---------- PROVIDED ENTRIES ----------
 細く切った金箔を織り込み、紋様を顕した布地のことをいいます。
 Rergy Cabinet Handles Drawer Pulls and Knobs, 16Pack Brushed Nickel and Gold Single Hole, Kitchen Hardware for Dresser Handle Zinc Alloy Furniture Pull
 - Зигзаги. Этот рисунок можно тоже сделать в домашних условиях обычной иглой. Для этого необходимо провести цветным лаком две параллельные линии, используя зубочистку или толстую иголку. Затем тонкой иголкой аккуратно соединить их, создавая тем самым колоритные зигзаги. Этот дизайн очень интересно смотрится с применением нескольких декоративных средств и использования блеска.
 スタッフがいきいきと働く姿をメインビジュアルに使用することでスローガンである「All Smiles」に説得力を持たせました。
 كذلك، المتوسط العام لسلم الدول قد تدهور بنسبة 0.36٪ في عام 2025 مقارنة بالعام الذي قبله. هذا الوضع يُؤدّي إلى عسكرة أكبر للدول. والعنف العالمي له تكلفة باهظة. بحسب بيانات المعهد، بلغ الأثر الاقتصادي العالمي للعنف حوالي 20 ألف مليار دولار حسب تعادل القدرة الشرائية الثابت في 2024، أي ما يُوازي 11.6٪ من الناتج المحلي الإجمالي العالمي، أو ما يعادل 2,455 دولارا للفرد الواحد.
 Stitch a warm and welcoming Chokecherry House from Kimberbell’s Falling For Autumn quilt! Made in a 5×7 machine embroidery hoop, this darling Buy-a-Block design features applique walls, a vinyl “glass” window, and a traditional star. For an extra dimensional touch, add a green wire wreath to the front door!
----------
---------- PROVIDED ENTRIES ----------
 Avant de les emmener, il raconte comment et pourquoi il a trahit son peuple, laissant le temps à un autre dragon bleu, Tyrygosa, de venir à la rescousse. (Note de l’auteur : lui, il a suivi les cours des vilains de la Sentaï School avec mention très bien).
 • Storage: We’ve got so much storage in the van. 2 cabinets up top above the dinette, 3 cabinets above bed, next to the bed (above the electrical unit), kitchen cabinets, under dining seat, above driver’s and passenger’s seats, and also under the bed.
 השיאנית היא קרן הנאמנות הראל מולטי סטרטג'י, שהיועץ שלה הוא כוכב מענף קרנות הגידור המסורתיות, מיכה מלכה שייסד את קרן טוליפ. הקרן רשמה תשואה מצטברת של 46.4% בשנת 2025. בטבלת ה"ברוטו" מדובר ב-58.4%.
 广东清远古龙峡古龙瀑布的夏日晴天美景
----------
§ DIRECTIONS FOR THIS TASK
Reproduce, character for character, only the lines of the preceding data that start at the line with "細く切った金箔を織り込み、紋様を顕した布地のことをいいます。" and end at the line with "スタッフがいきいきと働く姿を", both included.

§ PROBLEM SOLUTION
 細く切った金箔を織り込み、紋様を顕した布地のことをいいます。
 Rergy Cabinet Handles Drawer Pulls and Knobs, 16Pack Brushed Nickel and Gold Single Hole, Kitchen Hardware for Dresser Handle Zinc Alloy Furniture Pull
 - Зигзаги. Этот рисунок можно тоже сделать в домашних условиях обычной иглой. Для этого необходимо провести цветным лаком две параллельные линии, используя зубочистку или толстую иголку. Затем тонкой иголкой аккуратно соединить их, создавая тем самым колоритные зигзаги. Этот дизайн очень интересно смотрится с применением нескольких декоративных средств и использования блеска.
 スタッフがいきいきと働く姿をメインビジュアルに使用することでスローガンである「All Smiles」に説得力を持たせました。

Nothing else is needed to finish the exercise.